The decision will be a positive for climate change claimants. First, Claimant Representatives indicated their intention of appealing. Second, the Judges specifically mentioned the need to reform the law, leaving the door open to the Australian High Court to develop the elements necessary for establishing a duty to care. Third, Justice Beach was expressly open to future claims by one or more Australian children at a time when harm can be established, and all three Judges indicated that they would hear further submissions on the question of whether it is appropriate that an estoppel should arise from their judgment. 

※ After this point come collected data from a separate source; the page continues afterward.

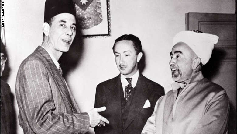 ملك الأردن الراحل، عبدالله الأول بن الحسين، على يمين الصورة، يتحدث مع عبدالرحمن عزام، الأمين العام لجامعة الدول العربية، وبينهما الأمير عبدالإله بن علي، وصيّ عرش العراق، في 15 مايو 1948.
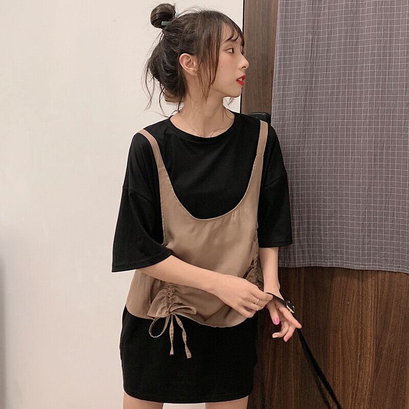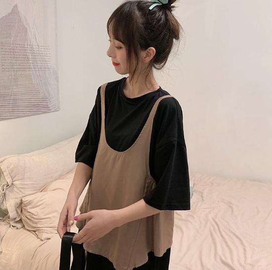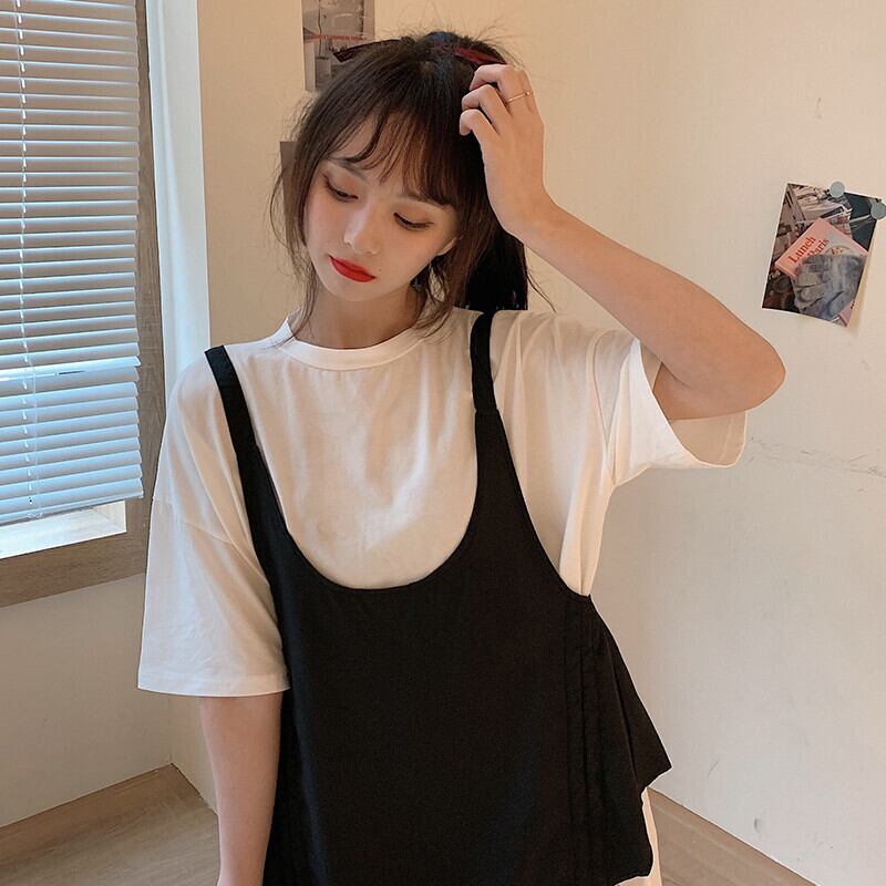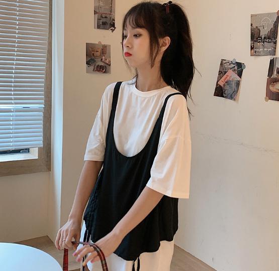 【韓国通販 dgo】2020 女性 夏 Tシャツ+キャミソール ツーピース ホワイト ブラック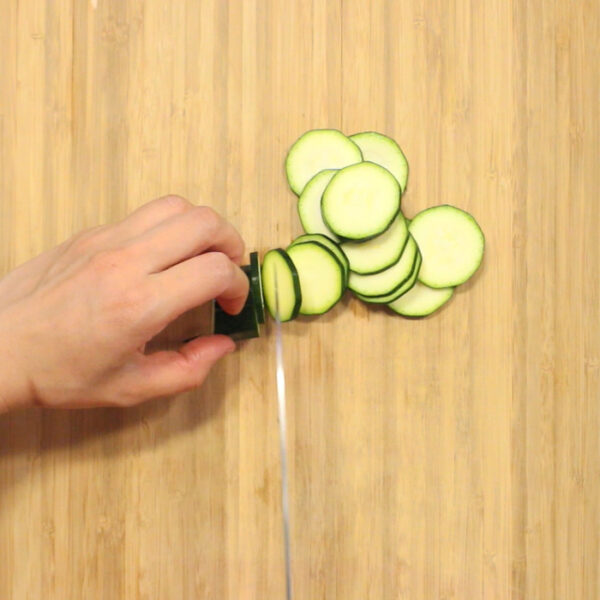 ズッキーニは薄い輪切りにする。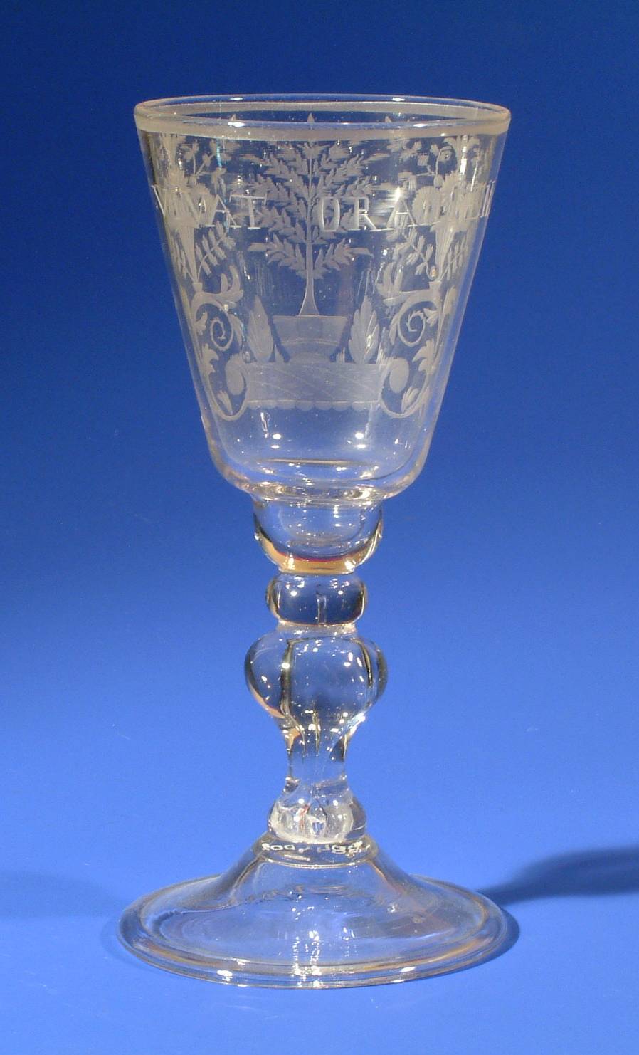 kelkglas met voorstelling van oranjeboom in kuip en tekst VIVAT ORANIEN

1 Sharma v. Minister of the Environment [2021]FCA 560 and FCA 774.
2 ibid.
3 Not all Judges addressed every element or argument of the Duty of care in detail. In some cases, a Judge decided not to address an argument of the Duty of care at all, to address it only briefly, or to rely solely on the reasoning of the other judges. 
4 Sharma v. Minister for the Environment [2022] FCAFC 35, at [7].
5 ibid, at [886]. 
6 ibid, at [335]. 
7 ibid, at [745]. 

[View source.]
View Comments (0)

Leave a Reply

Your email address will not be published.